For a while I sat back and listened.  I wanted to give them a chance to share what they had to say with each other and to answer each other’s questions to the best of their abilities.  But as the conversation came to a close, I did step in and participate.  I congratulated the group on their ability to listen to each other and have this conversation.  I pointed out the ways in which they had shared their thoughts clearly, asked each other questions, and responded.  I noted that these are the things that make our classroom community strong and special.  I said that in our classroom, and in our school, we all do our best to be good community members, to take care of each other, to be kind to each other, and to look out for each other.  These are the things that make us as safe as we can be.  And these are things that they as kindergarteners and first graders are constantly learning to do better and better.  We all are.

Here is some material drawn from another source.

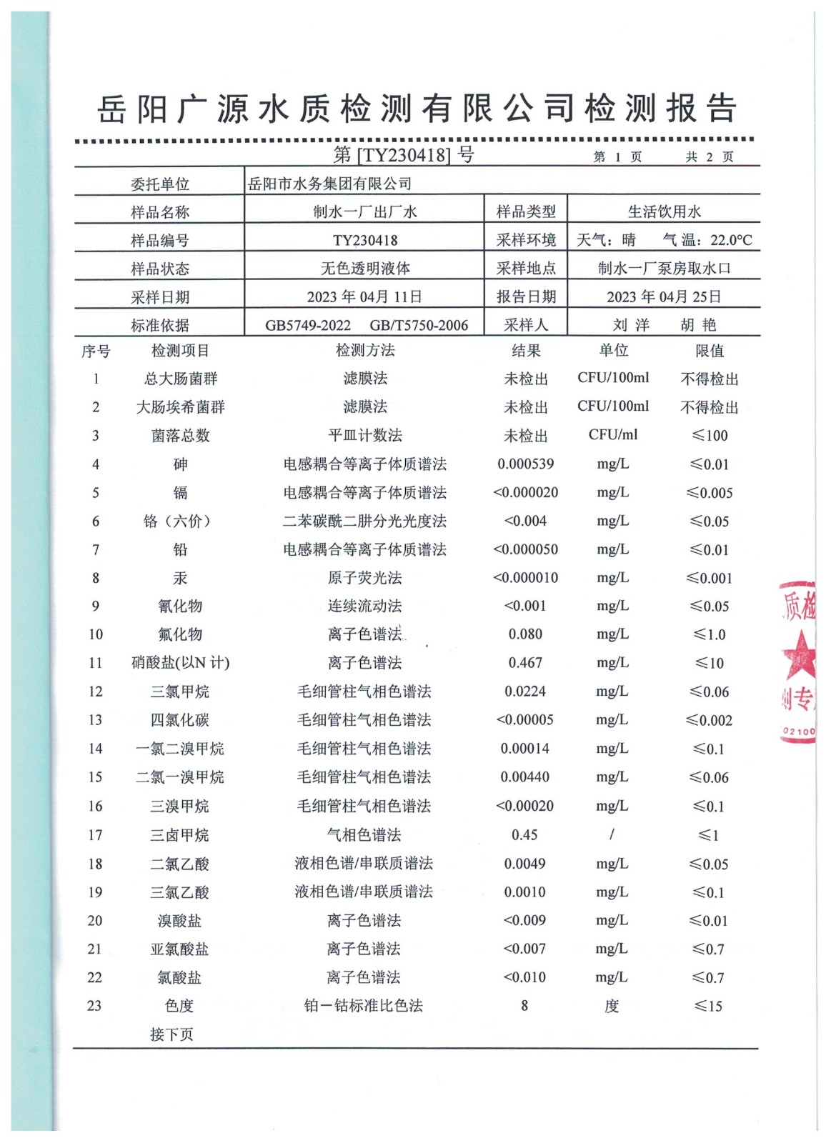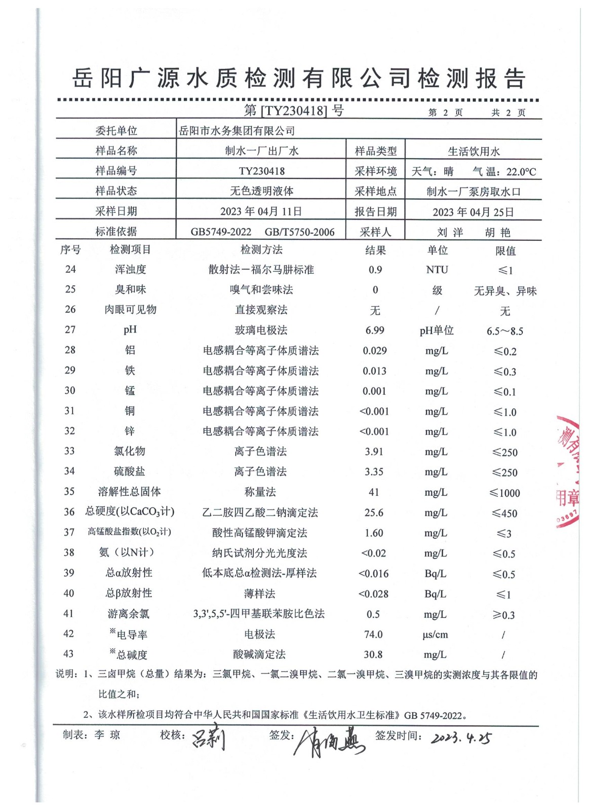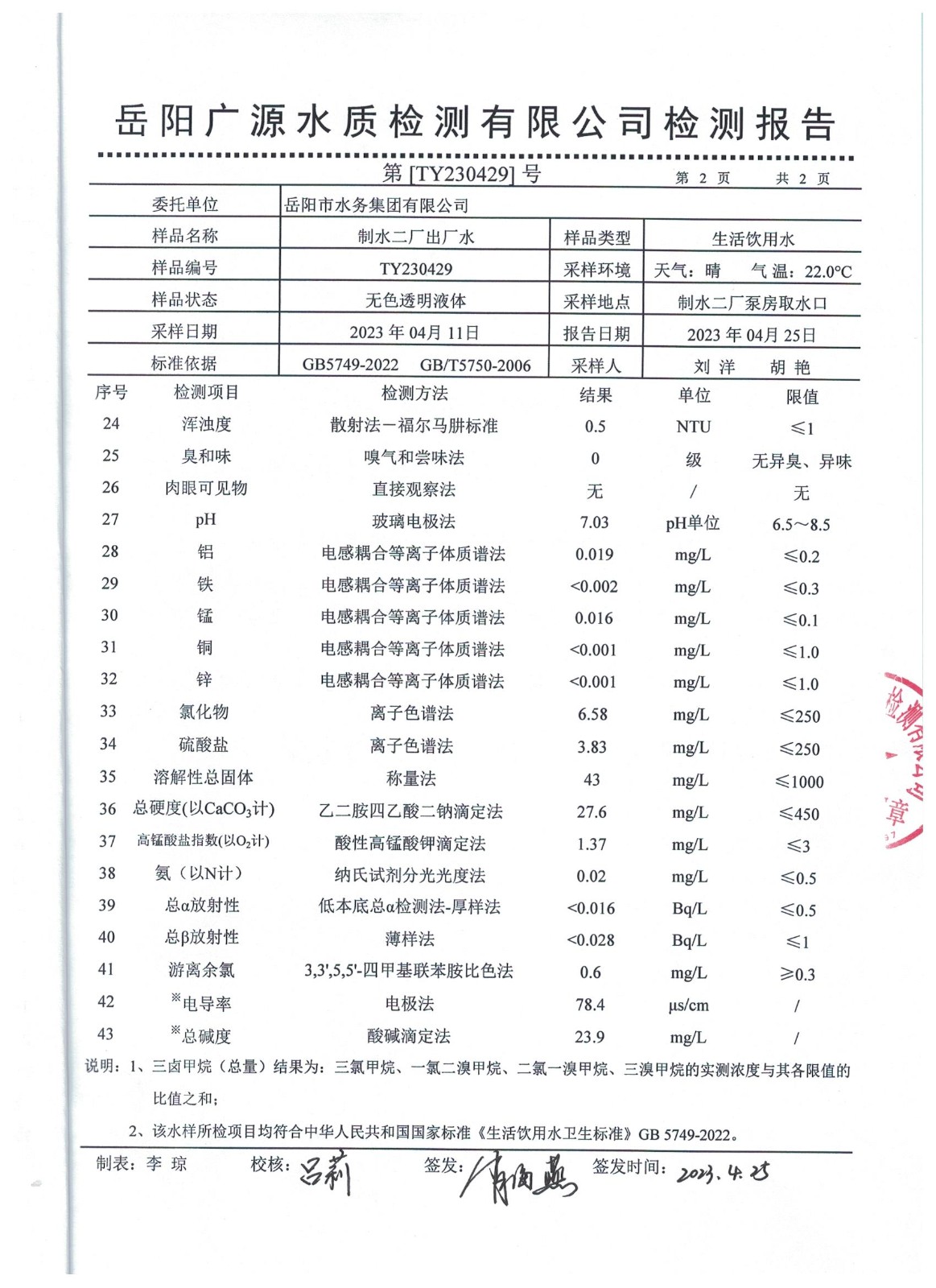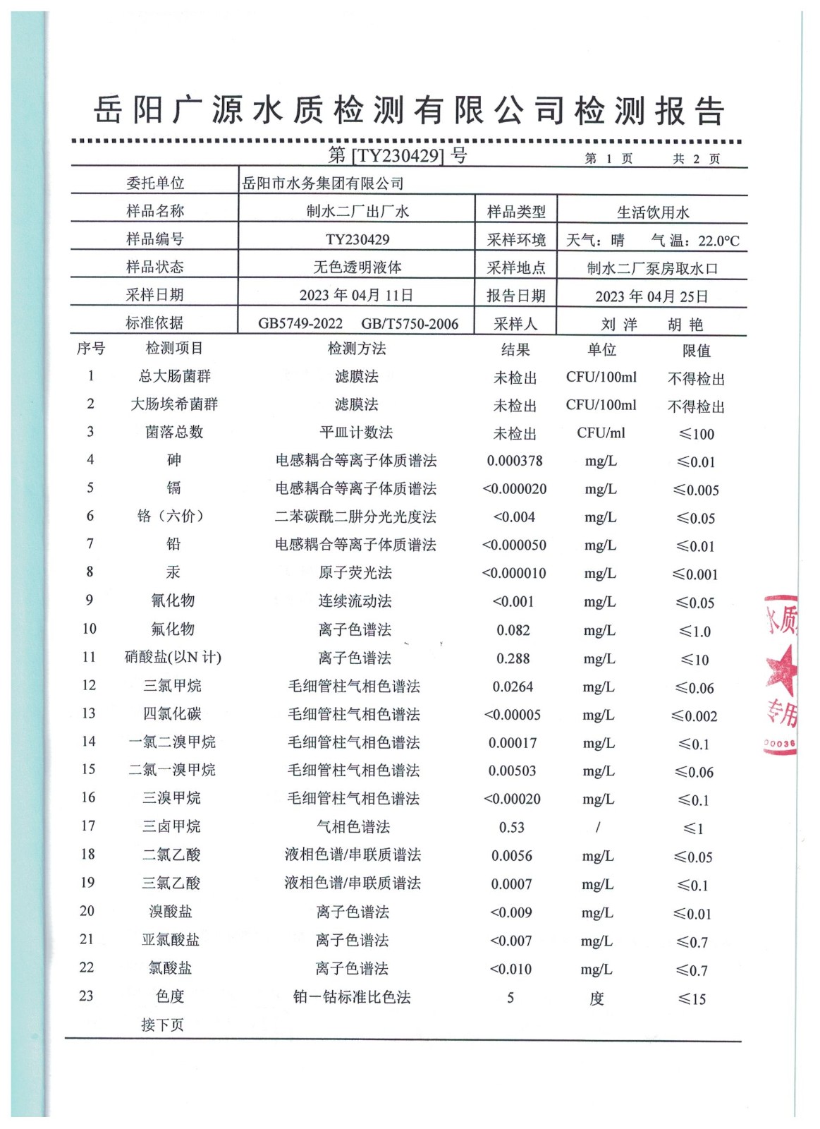 下一篇:2023年4月岳陽市水務集團水源水水質(zhì)檢測月報表

Several hours later at recess, a boy ran up to me and said,  “I’m really excited for Christmas.  I bet those kids were really excited for Christmas but now they don’t get to celebrate it because they died.”

This time I said, “I bet you’re right.  And I can tell you’re really thinking about the kids who died.  That’s very caring of you.”  His comment was definitely the most emotional of the day; he was putting himself in their shoes, a task not easy for a 5 year old.

Sandy Hook is clearly on my kids’ minds, and I’m sure it’s not going anywhere.  As it comes up again in the future, I’ll continue to remind them of the strength of their community and of the power that each of them has to make our classroom a safe and loving place.